Well, one day, the beloved did turn around, and the
Light was suddenly in his face as he looked at the
bright, cheerful and happy Cherub, and he did whisper
words into her ear. True, they were not necessarily
the words that she daydreamed about hearing, but did
she really expect everything to turn out precisely
like her dreams? The words that she got were honeyed,
and powerful, and they caressed places in her soul
that so badly needed caressing... so the Cherub
listened deeply, and internally shushed any errant
thought about the implications of those words. In
fact, the Cherub ignored those implications until she
found herself on a battlefield, sword in hand and
charging her brothers and sisters: she awoke from her
daydream to find herself somehow living a nightmare of
treason and betrayal.
It broke her Heart.
During those lonely years trapped in Hell, the new
Djinn sneered at love, spurned tenderness and tried
her damnedest to crush softness under her warped paw.

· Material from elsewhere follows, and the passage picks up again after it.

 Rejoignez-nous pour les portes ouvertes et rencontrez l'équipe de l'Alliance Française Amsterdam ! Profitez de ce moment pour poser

She avoided her former love (an easy enough task,
alas, as that worthy no longer had any use for her -
if, indeed, he ever had), both from revulsion at her
former weakness and because he wasn't nearly as
beautiful to behold as he once was. Instead, she
found herself drifting into Lust's own honeyed
embrace. So be it. Passion was for fools and
tenderness was for weaklings - but lust could be
slaked without risking betrayal. "Take what you can
get" became her motto - and she became very good at
taking.
Still, there were still those cold places in her soul.

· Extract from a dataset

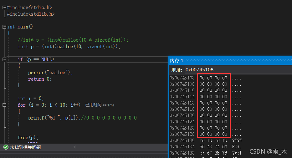 int* p = (int*)calloc(10, sizeof(int));//二者开辟的内存空间大小相同

Not the 'cold' of her new nature - that was more
ennui and apathy then anything else - but a cold that
ached. It was like an itch that she couldn't scratch,
but the worst thing was that she knew that someone
else could, and possibly very easily. All she had to
do was let them. But that would mean letting someone
get close enough to see the ache, and trusting that
that someone would soothe that itch, and not claw at
it. The very idea could not be borne.
But neither could that itch, that cold spot begging to
be warmed with kisses - and as the Djinn looked about
her surroundings with steadily-clearer eyes, she
realized that there was no one who could provide that
warmth. Not her former beloved, not her fellow-demons
and certainly not her current Prince: she saw, now,
that she had picked Andrealphus' service simply
because he retained a superficial beauty that reminded
the Djinn of her first love. But he was not her
beloved. There was no one in Hell that was worthy -
yes, worthy, she realized with a sudden, wild hope -
of love.
This truth broke her Heart, too - but this time it
healed properly.
After her escape and Redemption, the Repentant Cherub
found herself eventually in the service of Stone. She
spent the next ten thousand years proving - first to
Heaven, then to Stone, then to David and at last to
herself - that she had learned from her initial
mistakes and tribulations thereof. Love is supposed
to make you strong, you see. It is supposed to bring
you out of yourself so that you may connect with
others. It is supposed to make you rise above your
own petty, selfish concerns. Unfortunately, sometimes
it doesn't. Sometimes, love can become a crutch, or
even an addiction - and when the object of that
addiction or crutch goes away, you can all get twisted
inside in response. You shrink into yourself,
spurning what is real and freely offered for a
chimerical dream and crippling internal fantasy that
masks the pain, instead of curing it.
But, if you're lucky, you'll meet Janet. She'll look
you over and become what you think you need - until
you realize that you were a deluded fool to ever
really want it in the first place. Fair warning; it
will not be a pleasant exercise: ripping off a rotting
bandage that has entwined itself into a badly healed
wound rarely is. Janet pulls no punches: she loves
humanity too much and knows that, sometimes, healing
involves pain. If she must break a metaphorical rib
or two to do surgery on your heart, so be it. When
she's done with you, your illusions and delusions and
justifications and excuses will lie at your feet,
tawdry and mocking, and you will probably weep at the
waste of all that precious time lost in obsession and
uselessness.
But you will be free to truly love again.